К. Уилсон - Пурпурные крылья
— Ты близка со своей матерью?
— О, да. Время от времени мы ссоримся из-за пустяков, но мы женщины и для нас, — я слышала, — это нормально. А у тебя есть братья или сестры?
— Нет, я являюсь единственным ребенком.
— Наверное, тебе одиноко?
— Какое-то время так и было. Еще вина?
— Да, спасибо, — Таня откашлялась: — А что у тебя за вино?
— Специальный коктейль.
— Ты пьешь особый коктейль?
— Да, как видишь.
— Алек, а какое у тебя было детство?
Воспоминания о молодости вызвали у него улыбку:
— Я уйму времени потратил на переезды от своих родителей к бабушке с дедом и обратно.
— Они баловали тебя?
— В какой-то мере. Если я начинал корчить из себя большого барина, то они быстренько водворяли меня на путь истинный.
— С кем ты был близок?
— Я был близок с дедом.
— Каким он был?
— Он был хорошим, сложным, здравомыслящим, справедливым, любящим и безжалостным. Он научил меня сражаться.
— Он научил тебя сражаться? — Таня покачала головой, обдумывая услышанное. — Какому виду борьбе?
— Сражение на мечах и рукопашная схватка.
Она усмехнулась:
— И никакого каратэ?
Алек фыркнул от смеха:
— Нет, мы не вникали в суть Кун-фу или Джиу-джитсу. Я изучил старую, добрую, и не омраченную излишними принципами, борьбу викингов.
— Викинг. В это так трудно поверить.
— Знаю, что это звучит неправдоподобно.
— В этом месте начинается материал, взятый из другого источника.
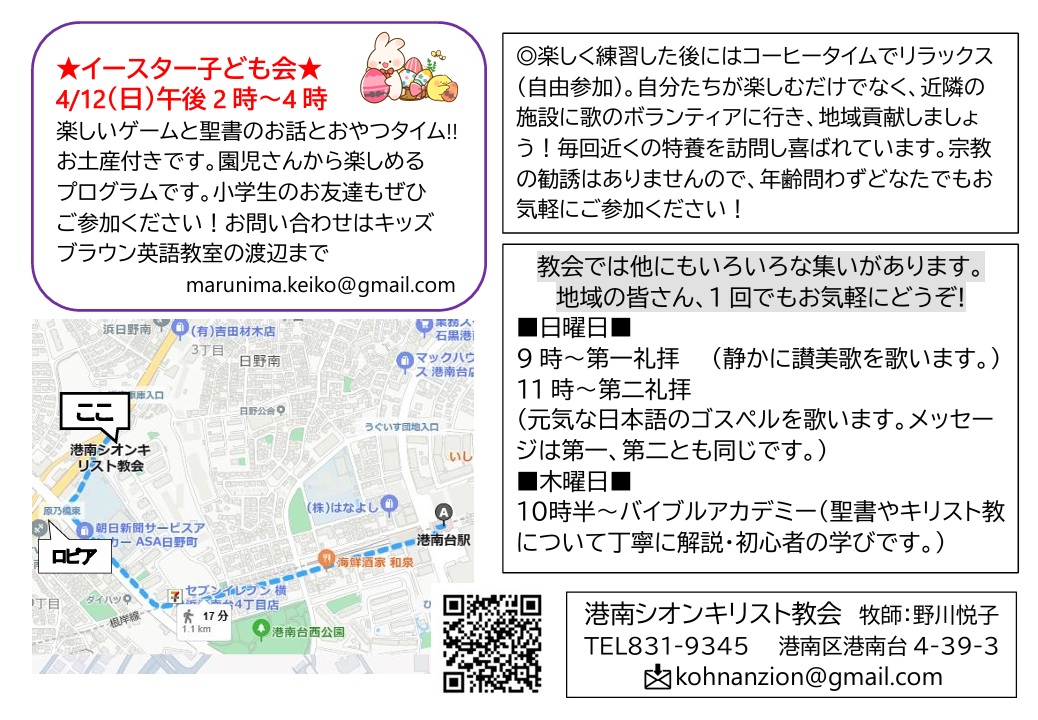 賛美と生命にあふれる「港南シオンキリスト教会」はあなたをお待ちしています!
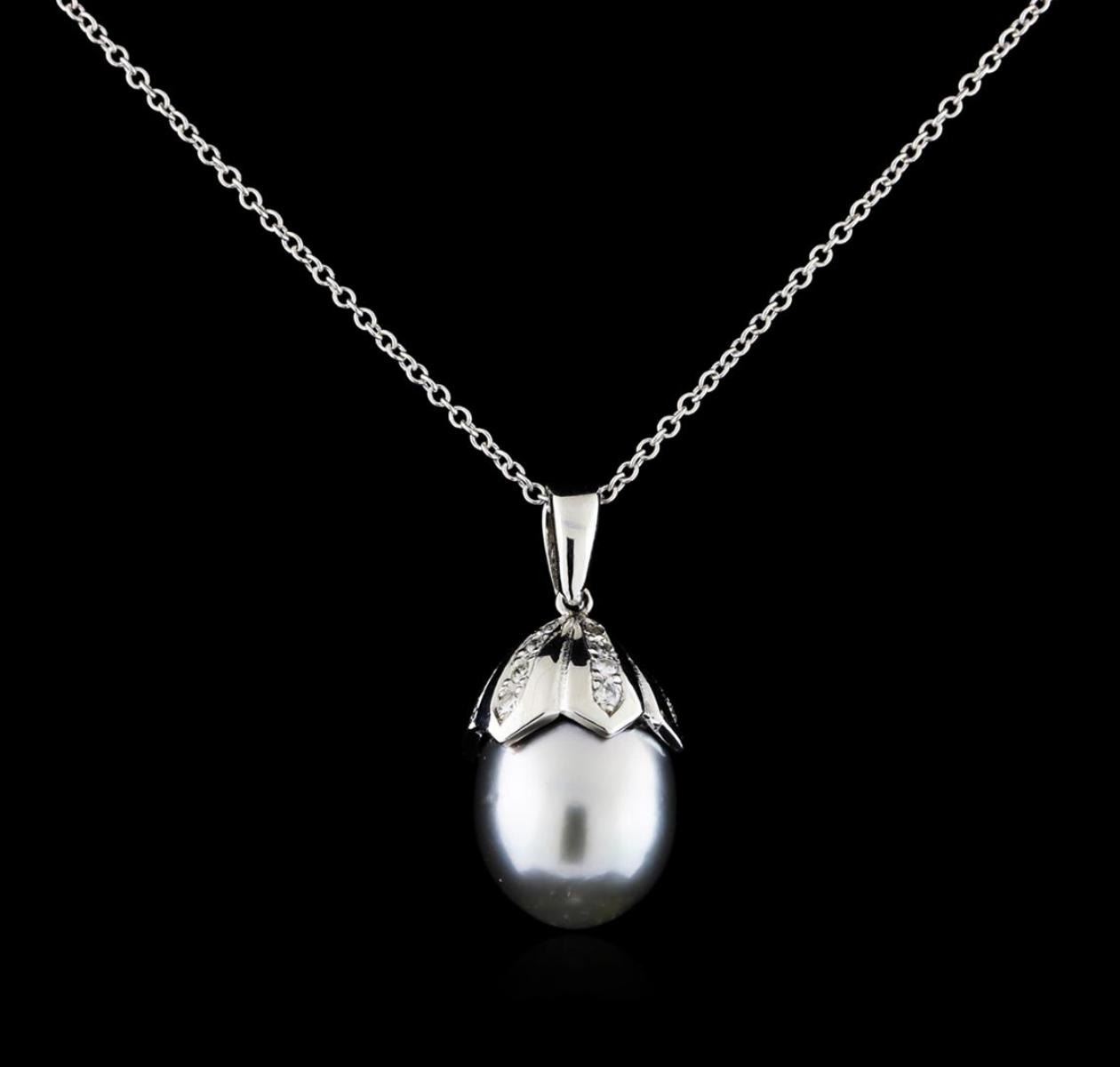 One pendant with chain featuring: 14KT white gold weighing 2.40 grams containing one pearl and diamonds with a total weight of 0.27ct.
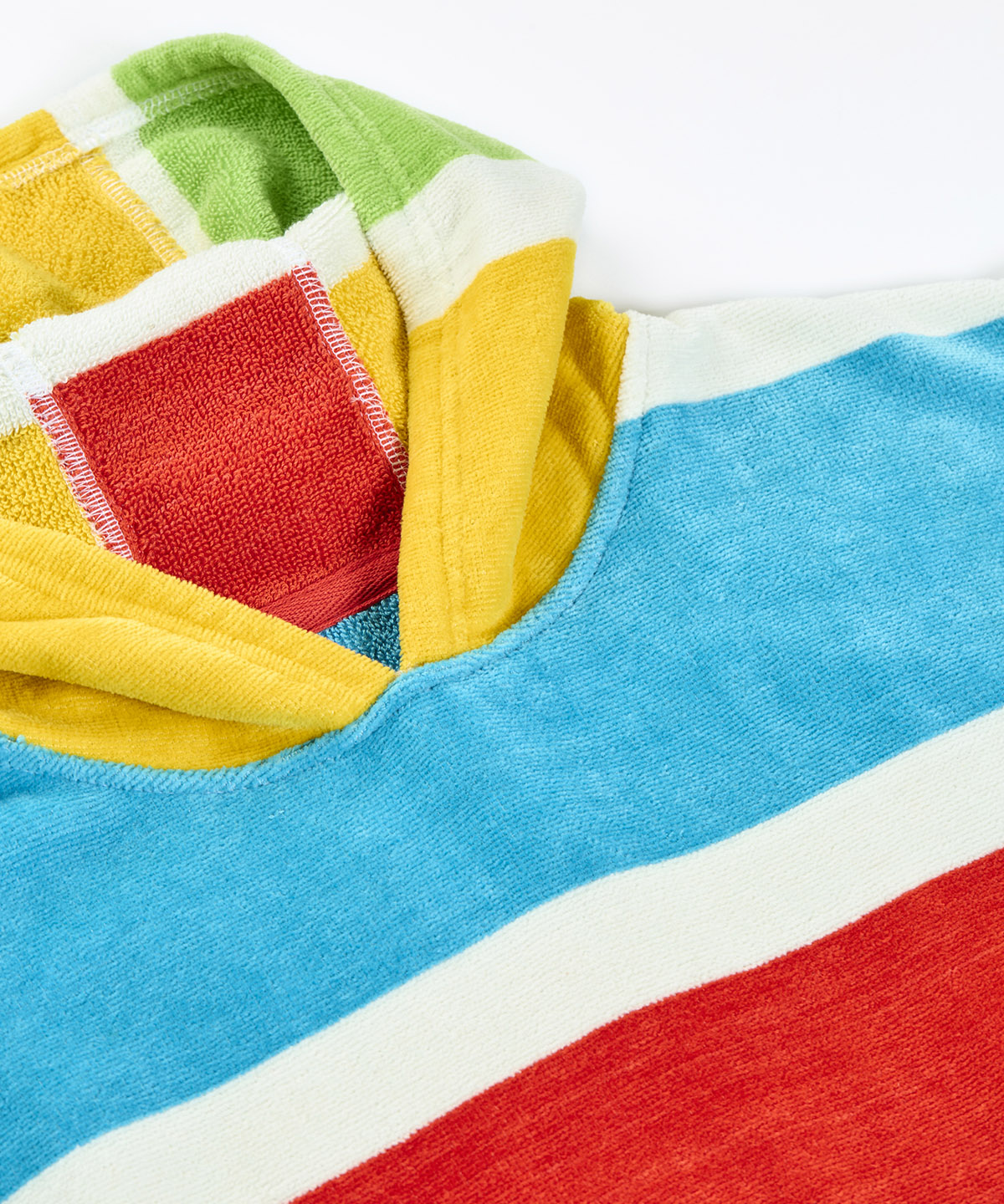 The chunky rainbow candy stripe design is woven into the fabric using a jacquard technique. Easy to slip on, it’s a practical alternative to wrapping up in a standard towel when kids are tired, cold, or dripping wet.
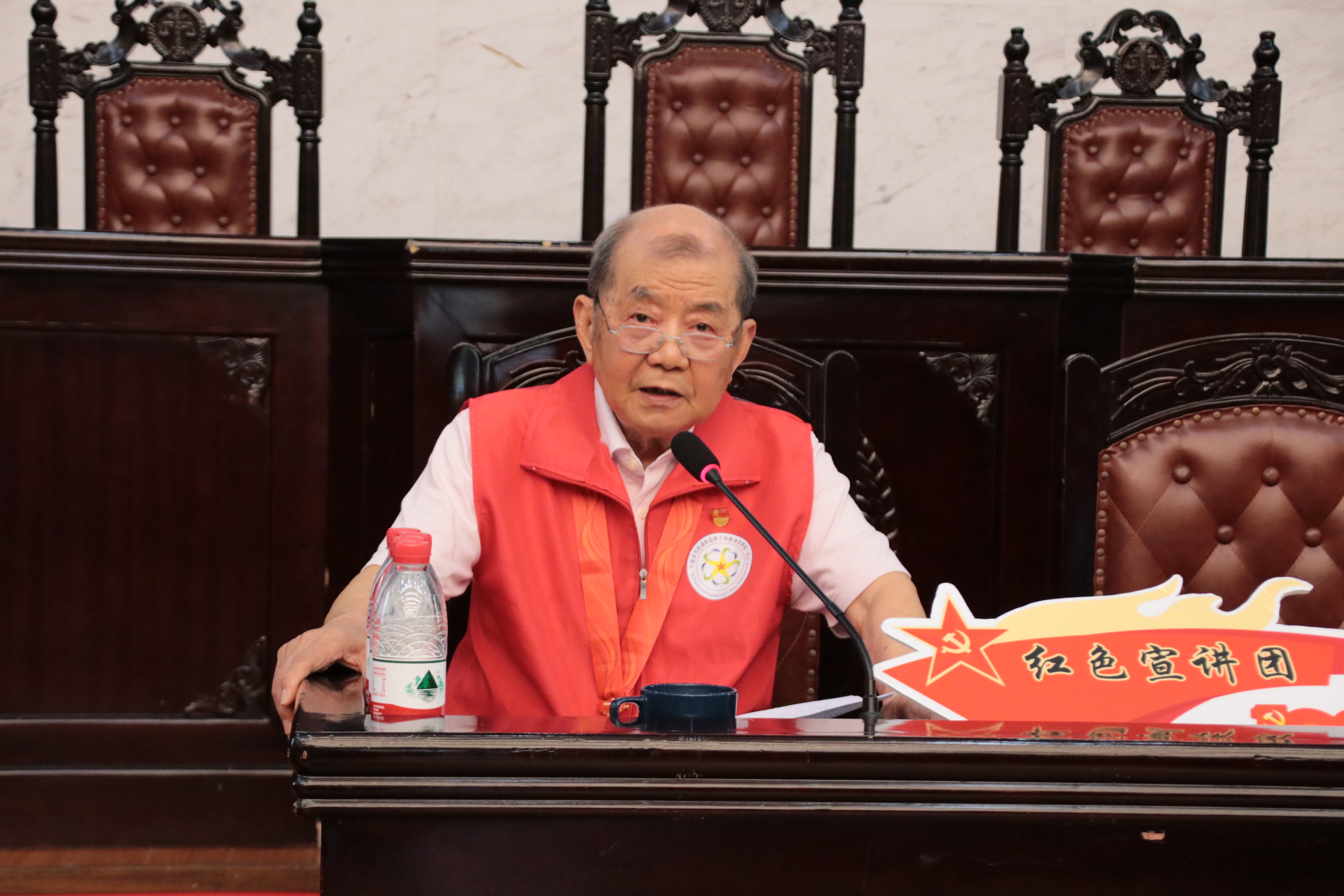 黄学祚同志则向大家讲述了抗美援朝时期风餐露宿的艰苦军旅生活以及一幕幕扣人心弦的战场故事。他提到,参军多年来,他目睹了许多英烈为党为人民冲锋陷阵、无私奉献的场面,我们今天的幸福生活,是与革命先烈的付出密不可分的。最后,黄学祚同志向大家表达了自己的美好祝愿,希望大家时刻保持共产党人的信仰,努力奋斗,成为国家栋梁。黄学祚同志今年86岁,16岁未到入伍年纪却冲破壁垒参军为国,黄老坚持站着演讲,他的不怕吃苦、不怕流血、不怕牺牲的精神震撼了在座的所有人。
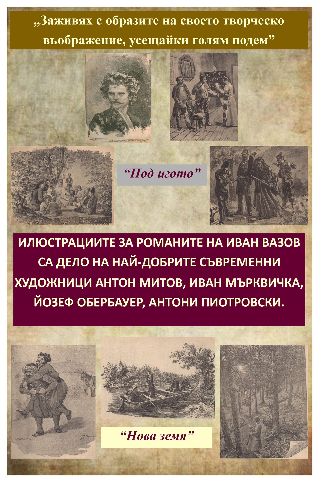 В изложбата също са включени и фотокопия на илюстрации към романите на Вазов – от Йозеф Обербауер, Иван Мърквичка, Антон Митов, Антони Пиотровски, както и на портрети на Вазов, скицирани от Иван Шишманов, Чакъров, Харалампи Тачев, Никола Тузсузов.

Не переживай, я не собираюсь тут же заставлять тебя принять все это, как должное.
— Какая я была в те времена?
— Ты была похожа на саму себя, как и сейчас у тебя были все те же выступающие скулы и миндалевидные глаза, окаймленные длинными ресницами. Однако твоя кожа была гораздо темнее, а волосы длиннее и непослушнее, и свободно ниспадали на плечи. Опять-таки, ты не всегда была потомком африканцев.
— Правда?
— Правда.
— А твой облик никогда не менялся?
— Я никогда не умирал. На мой взгляд, это к лучшему, что ты помнишь лишь то, что ты пережила и кем являешься в действительности.
— Почему?
— Я не хочу влиять на твои воспоминания. — Он хотел сменить тему разговора и узнать человека, которым она была сейчас: от обыденного к особенному.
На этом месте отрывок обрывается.